The proof as follows: we consider $B,C$ as formal matrices: $B = (B_{ij})_{1 \leq i,j \leq n}$ and $C = (C_{kl})_{1 \leq i,j,k,l \leq n}$ (so $B_{ij}$ and $C_{kl}$ are indeterminates), then consider the cannonical injection: $$ \mathbb{Z} [B_{ij},C_{kl} ] \hookrightarrow \mathbb{Q}(B_{ij},C_{kl}) $$ Since $\mathbb{Q}(B_{ij},C_{kl})$ is a field, the matrix multiplication is already confirmed: $$ \det (BC) = \det(B) \det(C) $$ But because $B,C \in \mathbb{Z} [ B_{ij},C_{kl}]$ then this equality happens in the ring $\mathbb{Z} [ B_{ij},C_{kl}]$. To obtain the result, consider a specialization: $$ \phi: M_n({\mathbb{Z}[B_{ij},C_{kl}]}) \to M_{n}(A) $$ which maps $B_{ij} \to m_{ij} \in A$ for some matrix $B = (m_{ij})_{1 \leq i,j \leq n} \in M_{n}(A)$ and $C_{kl} \to m_{kl} \in A$ for some matrix $C = (m_{kl})_{1 \leq k,l \leq n} \in M_{n}(A)$, then $\phi$ is a ring homomorphism, and we have the result.

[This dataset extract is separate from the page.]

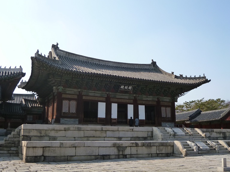 1483年に創建され、王の即位式など公の行事に使われていました。ここも豊臣秀吉の朝鮮出兵の際に消失し、1616年に再建されました。国宝226号の指定を受けており、ソウルの古宮の正殿の中では、最も古いそうです。また天井には美しい鳳凰が描かれていますので、お見逃しなく。

This technique is used in several proofs of the course notes (once the prof needs to prove some results on ring which have been known for fields).
For me, the proof seems very artificial. Do you know any sources (books,etc.) to learn more about this?
Thanks for any hint.